## Requirement
Please output the listing below character for character and omit the images.

## Provided data
━━━━━━
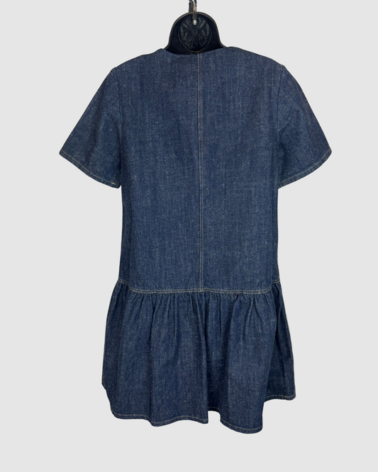 SUNO Dark Denim Short Sleeve Double Breasted 1/2 Zip Ruffle Hem Mini Dress
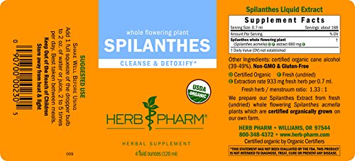 ReleaseDate : 2013-09-25 Studio : Herb Pharm Publisher : Herb Pharm Binding : Health and Beauty Product Description Get cleansing and detoxifying support with Spilanthes liquid extract from Herb Pharm. We prepare our Spilanthes Extract from the fresh (undried) flowering herb root of Spilanthes acmella plants which are Certified Organically Grown on our own farm. To assure optimal extraction of Spilanthes' bioactive compounds, the plants are hand-harvested only when in full-flower, and are then taken directly to our laboratory and promptly extracted while still fresh and succulent. 0
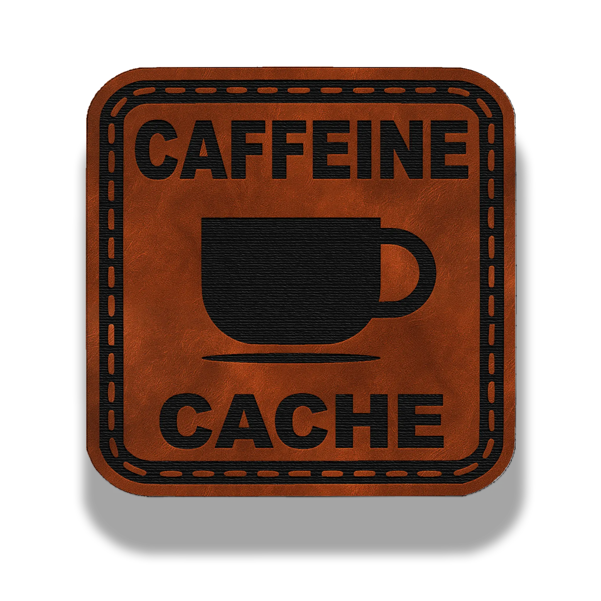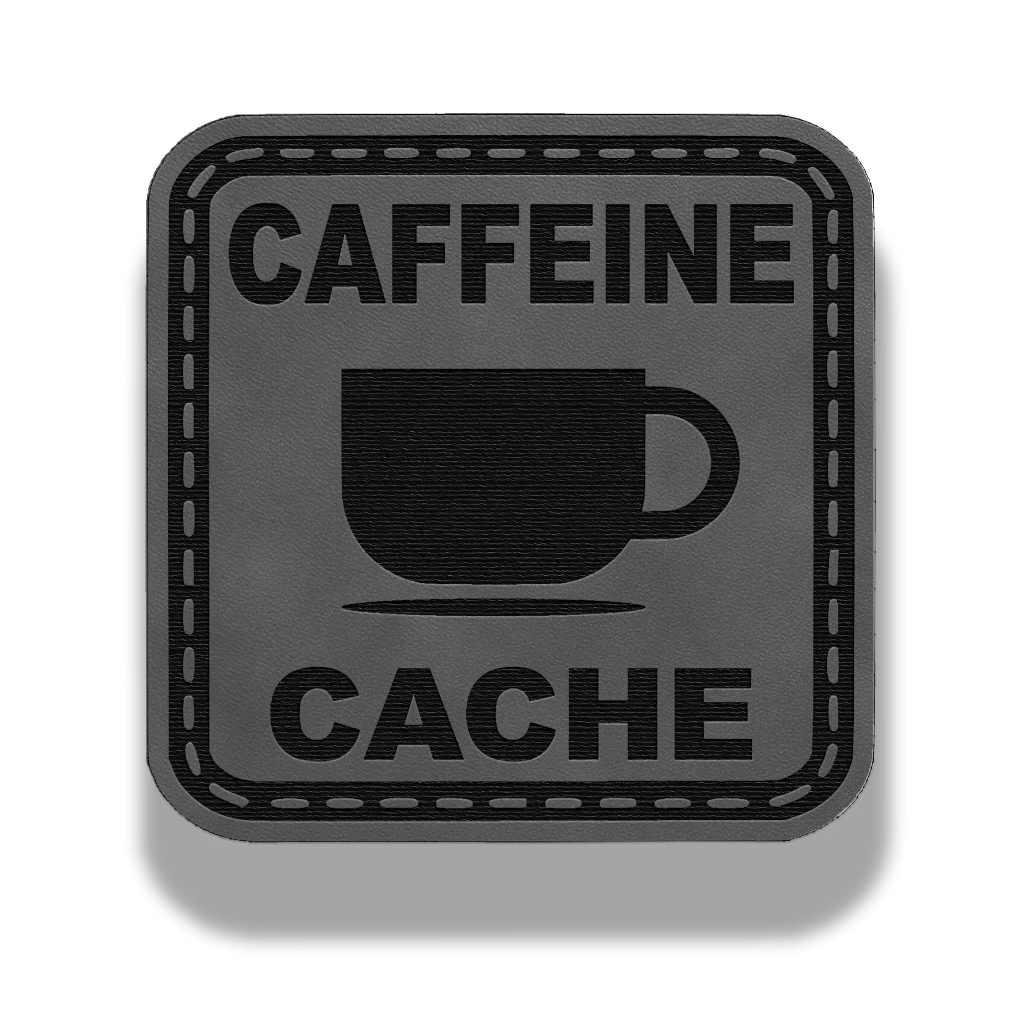 Stay fueled, stay sharp. The Caffeine Cache patch is laser-engraved on PatchBuilt’s Premier Leatherette with a bold coffee mug icon and clean block lettering — perfect for marking your brew stash or coffee-first mindset.
━━━━━━
## Exercise output
 SUNO Dark Denim Short Sleeve Double Breasted 1/2 Zip Ruffle Hem Mini Dress
 ReleaseDate : 2013-09-25 Studio : Herb Pharm Publisher : Herb Pharm Binding : Health and Beauty Product Description Get cleansing and detoxifying support with Spilanthes liquid extract from Herb Pharm. We prepare our Spilanthes Extract from the fresh (undried) flowering herb root of Spilanthes acmella plants which are Certified Organically Grown on our own farm. To assure optimal extraction of Spilanthes' bioactive compounds, the plants are hand-harvested only when in full-flower, and are then taken directly to our laboratory and promptly extracted while still fresh and succulent. 0
 Stay fueled, stay sharp. The Caffeine Cache patch is laser-engraved on PatchBuilt’s Premier Leatherette with a bold coffee mug icon and clean block lettering — perfect for marking your brew stash or coffee-first mindset.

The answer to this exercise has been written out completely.